U.S. West Texas Intermediate (WTI) crude futures were at $53.54 per barrel at 0455 GMT, up 23 cents, or 0.4 percent, above their last settlement.

International Brent crude oil futures rose 37 cents, or 0.6 percent, to $61.69 per barrel.

The gains followed a 2 percent price jump in the previous session, when markets first digested the U.S. sanctions on Venezuela’s oil exports.

Washington on Monday announced export sanctions against state-owned oil firm Petroleos de Venezuela SA (PDVSA), limiting transactions between U.S. companies that do business with Venezuela through purchases of crude oil and sales of refined products.

“The sanctions so far have been mostly disruptive for refiners on the U.S. Gulf Coast, who are being forced to seek alternative heavy crude supplies, and have stepped up purchases from Canada,” said Vandana Hari of Vanda Insights, an energy consultancy.

She added, however, that Canadian oil exports would be “constrained by pipeline capacity bottlenecks.

The sanctions aim to freeze sale proceeds from PDVSA’s exports of roughly 500,000 barrels per day (bpd) of crude oil to the United States.

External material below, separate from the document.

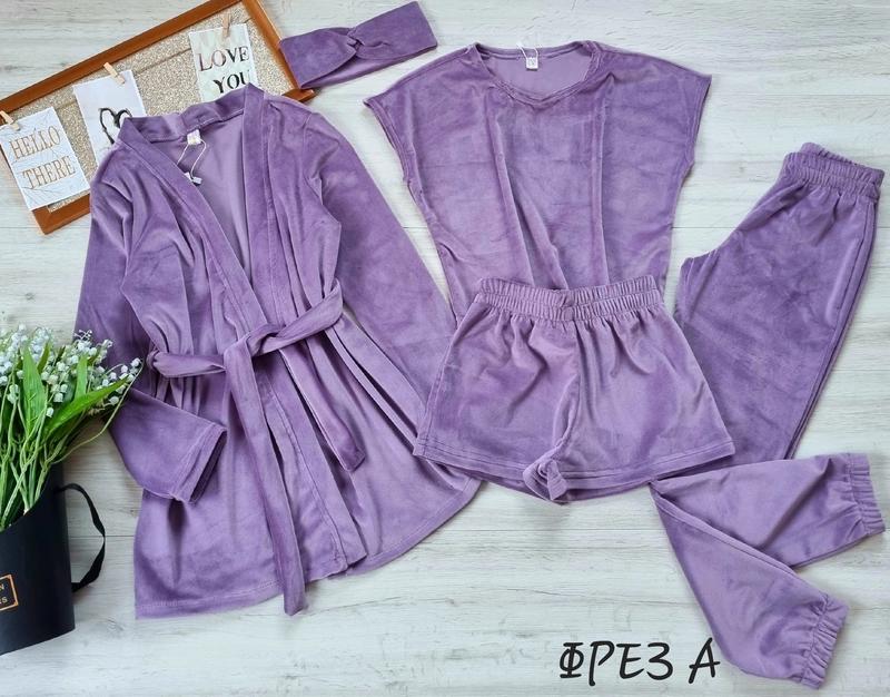 ландыш В НАЯВНОСТІ!!! Мега новинка Комплект 5в1 Ткань королевский велюр В комплект входять: -футболка-топ, -шорти -брюки под РЕЗИНКУ -халат с поясом -повязка КАЧЕСТВО СУПЕР! ПОЛНОМЕРНЫЕ!!! 134(2 шт)-длина халата 61,рукав 47,пог 41,длина футболки 40, пог 42,длина брюк 80,крок 60,пояс 25,длина шорт 26,пояс 25 140(3 шт)-длина халата 63,рукав 48, пог 43, длина футболки 42, пог 43, длина брюк 86, крок 65,пояс 26,длина шорт 27,пояс 26 146(1 шт)-длина халата 69,рукав 50,пог 44,длина футболки 46, пог 45,длина брюк 92,крок 70,пояс 27,длина шорт 28,пояс 27 152(2 шт)-длина халата 72,рукав 52, пог 48, длина футболки 47, пог 47, длина брюк 98, крок 73,пояс 28,длина шорт 30,пояс 28
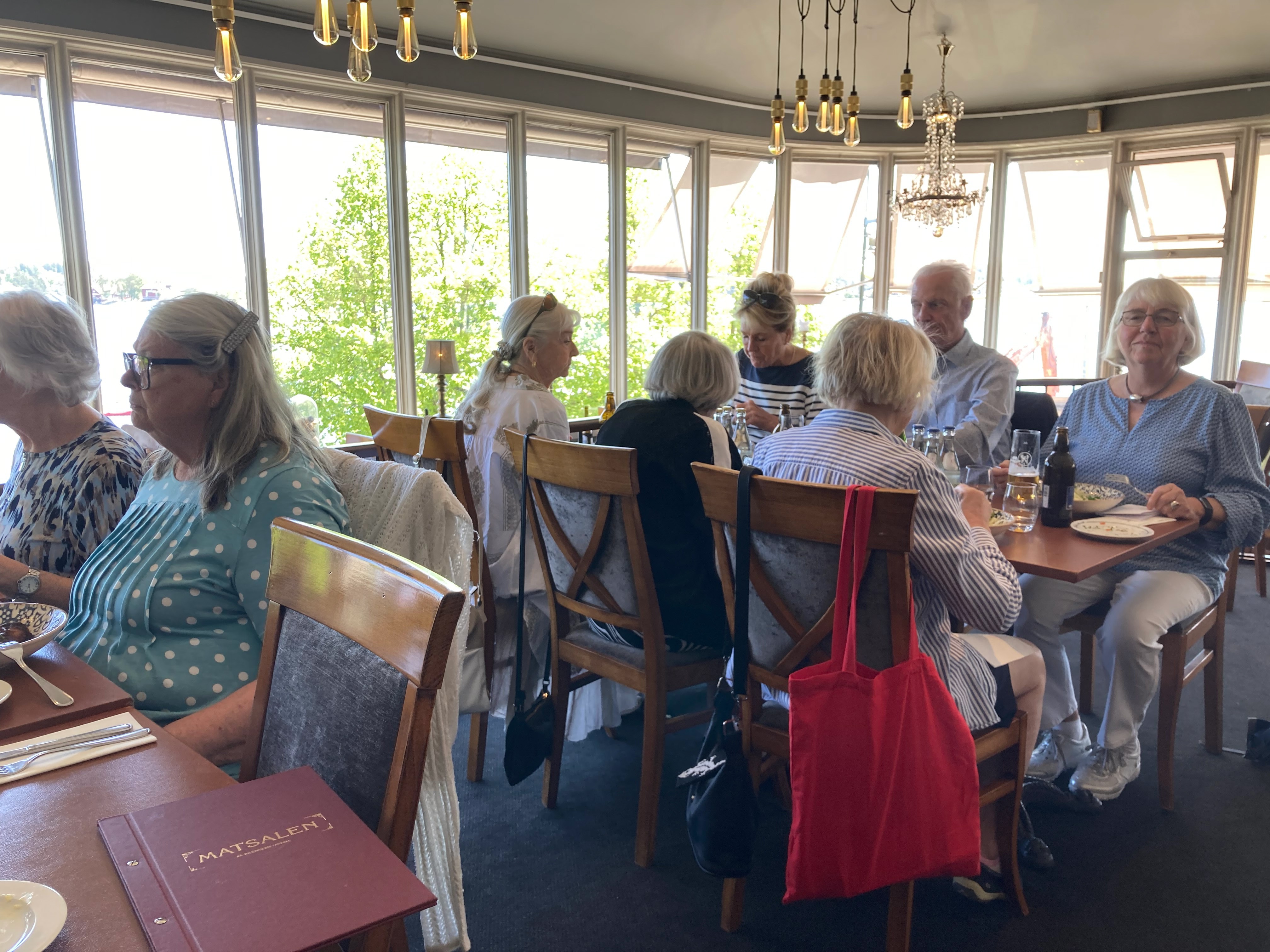 I klarblå himmel, sol och lite sval vind var vi 17 personer (endast 3 herrar) som tog skärgårdsbåten för att äta lunch i Vaxholm. Väl framme gick vi bara rakt över gatan till Vaxholms hotell. Där hade vi reserverade bord.

Although the move pushed up oil prices, markets appeared relatively relaxed as the sanctions only affect Venezuelan supply to the United States.

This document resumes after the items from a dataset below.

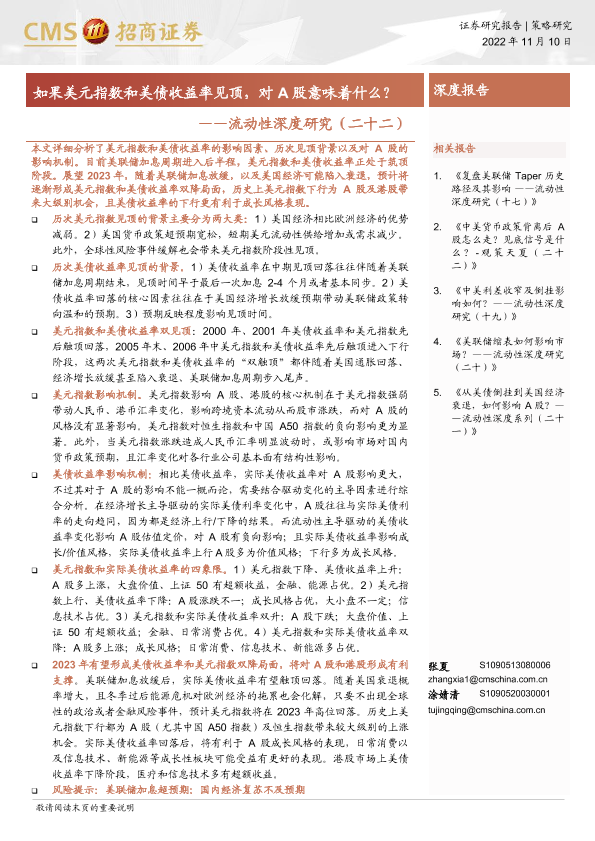【海通证券】【20221110】流动性深度研究(二十二):如果美元指数和美债收益率见顶,对A股意味着什么?-25页
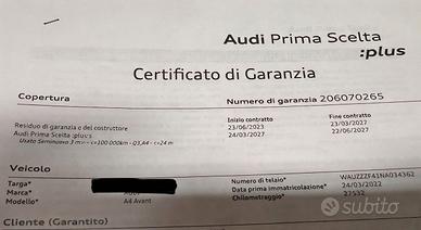 Vendo la mia Audi A4 Avant 35 (station wagon) immatricolata 06/2022 con 125.000 km in condizioni perfette, sempre manutenzionata con tagliandi regolari.
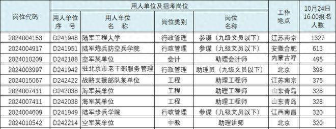 2024年军队文职报名正在进行中,各个岗位的报名人数也逐渐浮出水面。作为小编,我为大家搜集了一些岗位的报名情况,你报的岗位有多少人呢?不妨留言告诉我一下。那么,如何查看报名人数呢?

“The (Venezuelan) export volumes will not be eliminated from the market, but rather rerouted to other countries,” said Paola Rodriguez-Masiu, an analyst at consultancy Rystad Energy.

With the United States dropping out as a customer for Venezuelan oil, she added that “China and India … will be able to pick up these oil volumes at great discounts.”

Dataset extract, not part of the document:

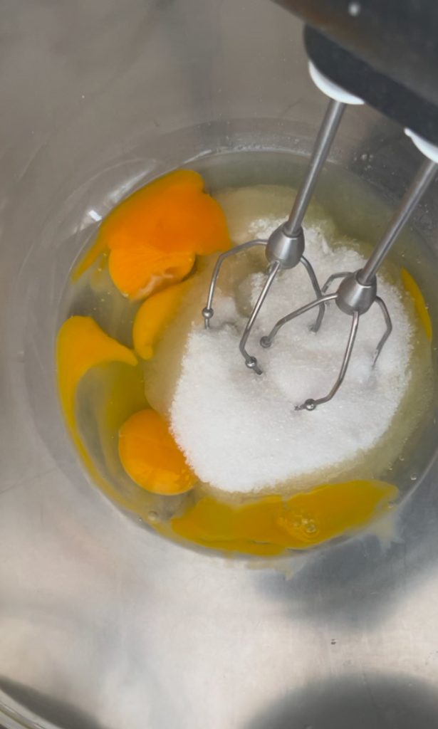In een kom de suiker met de eieren mengen met een elektrische garde

Despite this, some analysts said that non-U.S. oil trading firms with operations in the United States may still avoid dealing with Venezuelan oil.

The Schork Report, a daily oil and gas trading publication, said on Wednesday that many “international oil traders … have significant trading operations in the U.S. … At least in the short-term, these traders will undoubtedly quit buying from Venezuela until such a time that they are assured that they are not running afoul of U.S. sanctions.”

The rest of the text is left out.